The Nvidia-backed business announced on Wednesday that it plans to invest $20 billion to $23 billion this year in data center capacity and AI technology in order to meet the rapidly increasing demand from customers, including Microsoft.

Its shares, which had risen as much as 11% on better-than-expected sales in its maiden reports as a public company after making its debut on the Nasdaq in March, plummeted 5% as a result of the heavy-spending plan.

In an interview with Reuters, CoreWeave CEO Mike Intrator stated that the market would need some time to comprehend the company’s distinctive debt and capital expenditure structure or the second quarter, the company’s estimated capital expenditure of $3 billion to $3.5 billion was significantly higher than its revenue projection of $1.06 billion to $1.1 billion.

As companies compete to create increasingly complex generative AI systems, the need for data centers and powerful computers has increased.
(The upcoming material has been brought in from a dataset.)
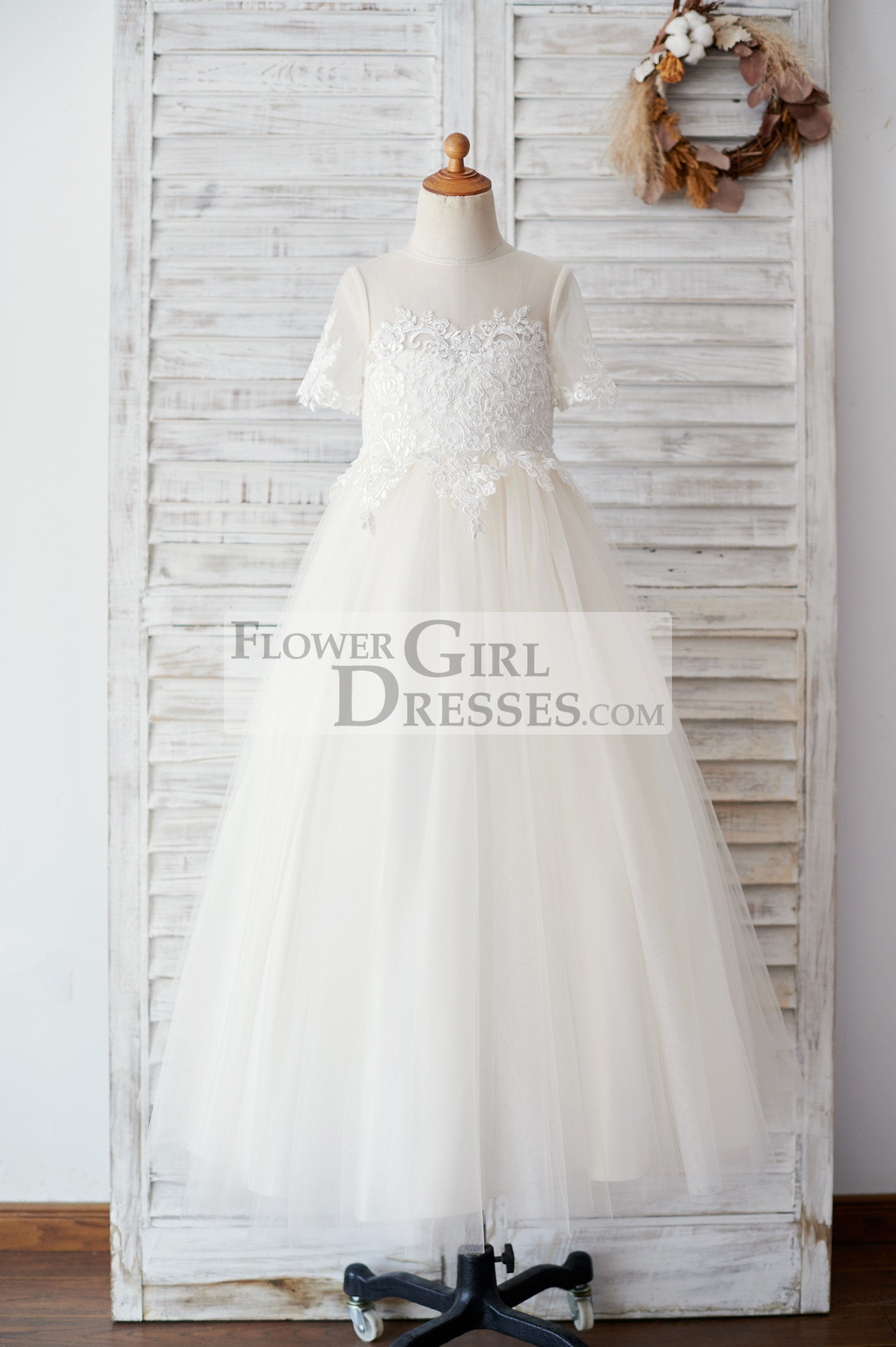 Ivory Lace Champagne Tulle Short Sleeves Wedding Flower Girl Dress

Iterator stated that CoreWeave was trying to diversify its supply networks in order to lessen the impact of tariffs after trade tensions between the United States and China.
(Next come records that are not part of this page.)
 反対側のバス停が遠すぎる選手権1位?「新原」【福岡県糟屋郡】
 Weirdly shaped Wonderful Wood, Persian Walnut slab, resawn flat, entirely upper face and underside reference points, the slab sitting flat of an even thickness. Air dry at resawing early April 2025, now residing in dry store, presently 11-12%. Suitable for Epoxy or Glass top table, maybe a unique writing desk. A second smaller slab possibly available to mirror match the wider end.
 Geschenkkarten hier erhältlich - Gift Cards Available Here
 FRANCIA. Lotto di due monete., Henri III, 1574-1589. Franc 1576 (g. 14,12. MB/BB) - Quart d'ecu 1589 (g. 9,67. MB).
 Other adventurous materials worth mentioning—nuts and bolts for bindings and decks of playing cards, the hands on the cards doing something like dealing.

CoreWeave’s primary business is extremely capital-intensive and necessitates significant upfront expenditures in cutting-edge processors and systems despite its dominant market position. As of March 31, the business had a $25.9 billion revenue backlog, of which $11.2 billion came from its five-year agreement with OpenAI.
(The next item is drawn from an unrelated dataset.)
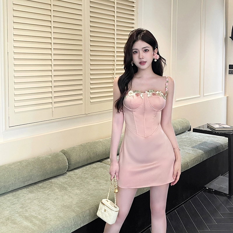 | nameOriginal | instunning French pink flower suspender skirt |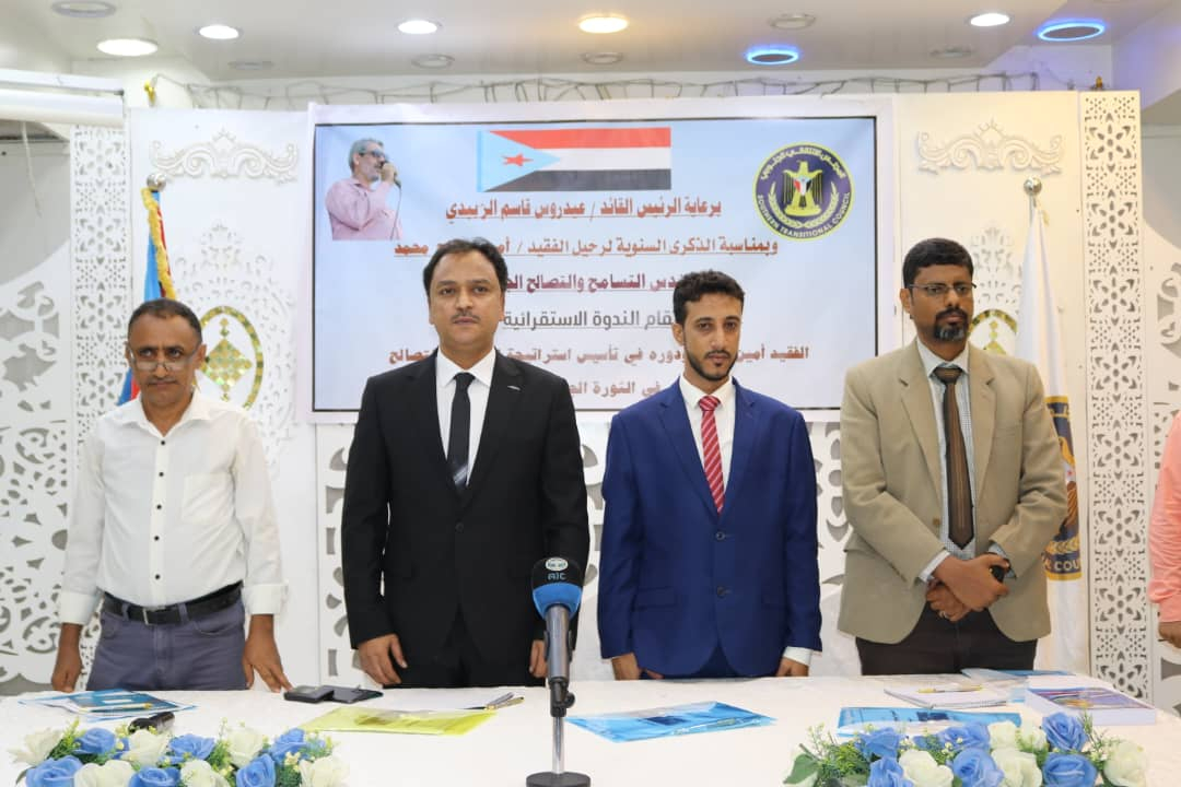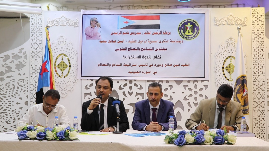 أقيمت ،اليوم السبت، في العاصمة عدن ندوة استقرائية بمناسبة الذكرى السنوية لرحيل الفقيد المناضل امين صالح عضو هيئة رئاسة المجلس الانتقالي الجنوبي، بعنوان "استراتيجية الفقيد امين صالح في التسامح والتصالح الجنوبي وتأثيره على الثورة الجنوبية"، برعاية من الرئيس القائد عيدروس قاسم الزُبيدي، رئيس المجلس الانتقالي الجنوبي، نائب رئيس مجلس القيادة الرئاسي وبمشاركة عضوي هيئة رئاسة المجلس الانتقالي الأستاذ فضل الجعدي نائب الامين العام بالأمانة العامة لهيئة رئاسة المجلس، واللواء سالم السقطري وزير الزراعة والري والثروة السمكية.

Under the terms of the March agreement, CoreWeave will supply OpenAI with AI infrastructure in exchange for a stake in the company that created ChatGPT.

In Wednesday’s after-hours trading, the company’s stock had already surged up to 11% following the release of its maiden earnings report as a publicly traded company. Revenue during the first quarter exceeded analyst projections, and the results showed a positive picture for the year.

According to Bloomberg estimates, CoreWeave recorded sales of $981.6 million for the three months ended March 31—more than the $862.3 million that Wall Street experts had predicted.

In contrast to Wall Street analysts’ estimates of $1.04 billion for the second quarter and $4.6 billion for the year, the business anticipates revenue of $1.06 billion to $1.1 billion for the second quarter and $4.9 billion to $5.1 billion for the entire year, according to Bloomberg statistics.